Grasim Industries Ltd has announced that its board of directors has approved a comprehensive composite scheme of arrangement designed to bring together and streamline renewable energy operations across select group entities. The proposed restructuring involves Essel Mining & Industries Ltd, Aditya Birla Renewables Ltd—a wholly owned subsidiary of Grasim—and certain other related companies within the group.

As part of this approved scheme, the renewable energy business currently housed within Essel Mining & Industries will be transferred to Aditya Birla Renewables. This transfer will take place through a slump sale arrangement, meaning the entire renewable energy undertaking will be moved as a going concern without assigning individual values to specific assets or liabilities. The transaction structure is intended to ensure continuity of operations while enabling operational consolidation. Importantly, the transfer will be executed in compliance with the applicable provisions of the Income Tax Act, ensuring tax efficiency and regulatory adherence.
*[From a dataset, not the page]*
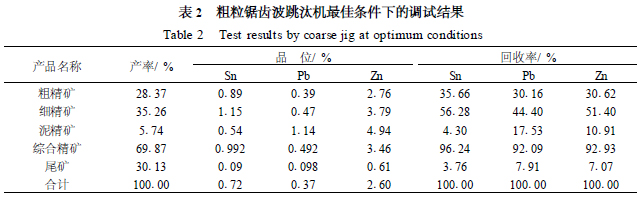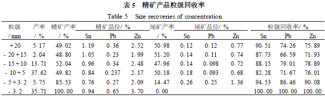 (1)大廠92#礦體礦石20~0mm全粒級入選,鋸齒波跳汰機預(yù)選拋廢率為30.45%,錫、鉛、鋅金屬回收率分別為93.48%、90.38%、90.75%。

In addition to the slump sale, the board has sanctioned the amalgamation of Electrotherm Renewables Private Ltd, a wholly owned subsidiary of Essel Mining & Industries, into Aditya Birla Renewables. This move further strengthens the renewable portfolio of the transferee company by absorbing complementary assets and capabilities that align with its clean energy focus.

The scheme also includes the merger of three wholly owned subsidiaries of Aditya Birla Renewables into the parent renewable entity. These subsidiaries are ABREL EPCCO Services Ltd, ABREL Renewables EPC Ltd, and ABREL EPC Ltd. By merging these engineering, procurement, construction, and services-focused arms into a single entity, the group aims to simplify corporate structures and eliminate duplication of functions. This consolidation is expected to result in streamlined decision-making, reduced administrative overheads, and better coordination across renewable energy projects.

Overall, the proposed composite arrangement is strategically designed to create a unified and scalable renewable energy platform supported by integrated ancillary services. By consolidating multiple renewable and EPC entities under Aditya Birla Renewables, the group intends to unlock operational efficiencies, benefit from economies of scale, and enhance synergies across project development, execution, and management. The simplified structure is also expected to improve governance clarity and strengthen the group’s ability to pursue growth opportunities in the renewable energy sector.

However, the scheme is still subject to several regulatory and procedural approvals. These include clearances from shareholders and creditors, sanction by the National Company Law Tribunal, and approvals from other relevant statutory and regulatory authorities. Only after these approvals are secured will the arrangement be implemented.

Following the announcement, investor sentiment appeared positive. Shares of Grasim Industries ended the trading session higher, closing at Rs. 2,846 on the BSE, reflecting a gain of 1 percent on the day.